Al anochecer otro juez hizo lo
mismo. El nombre de ese monumento de sensatez: Regina Formisano.
Itagiba, el lúcido, argumenta que Dilma
Rousseff nombra Lula como ministro con el objetivo de protegerlo de otro juez
de primera instancia –siempre ellos– llamado Sergio Moro. Siendo ministro, solo
el Supremo Tribunal Federal puede procesar Lula y eventualmente ordenar su
arresto.
Regina, la sensata, fue más directa: dijo
que, al poner a Lula en las manos de la Corte Suprema del país, Dilma lo
entrega a un colegiado que tiene siete de sus once integrantes nombrados por
Lula.
Resumiendo: dos brillantes jueces de
primera instancia informan al país entero, desde el Olimpo de su sapiencia
suprema, que no se puede confiar en el Supremo Tribunal Federal.
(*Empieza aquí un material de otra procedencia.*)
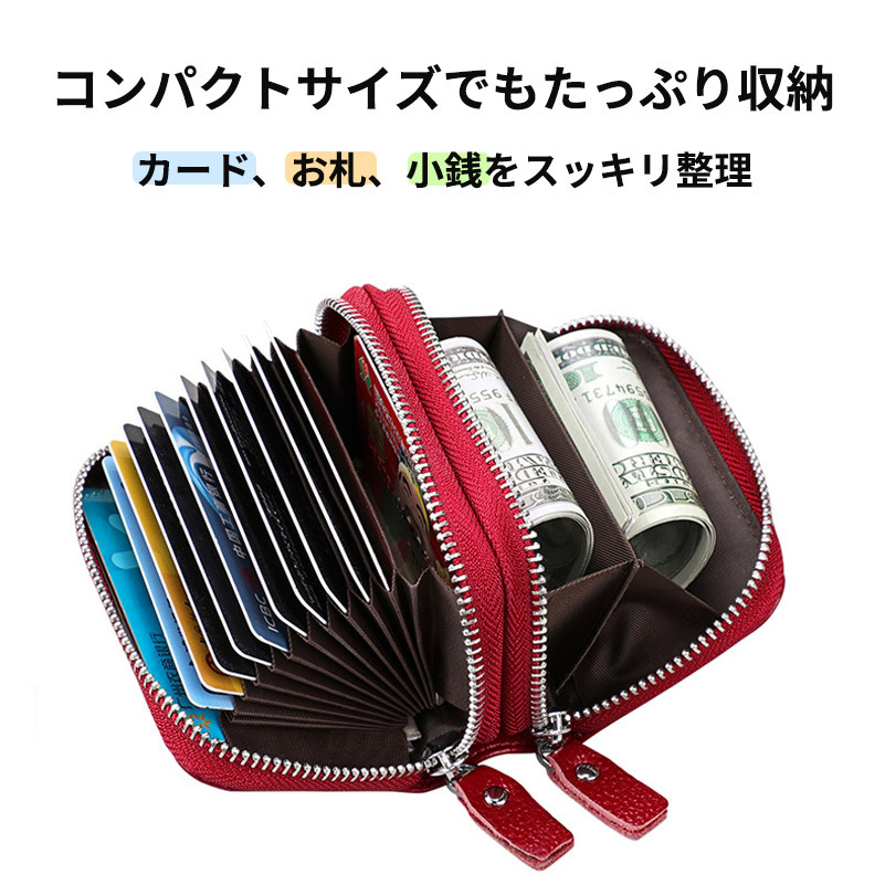 【ブラック】ミニウォレット カードケース 本革 銀付き牛革 ミニ財布 ダブルファスナー ジャバラ 小銭入れ コインケース メンズ レディース | |||

Itagiba, el ampuloso, participó, en la víspera
de suspender el nombramiento de Lula, de una manifestación golpista en
Brasilia. Gritó, junto a otros alucinados, “Fuera Dilma” y “Renuncia ya”.
Ayer, luego de aparecer por primera vez en
la prensa, aclaró: “Yo estaba en la marcha como ciudadano, y no como juez:
haber participado no me impide de ser imparcial”.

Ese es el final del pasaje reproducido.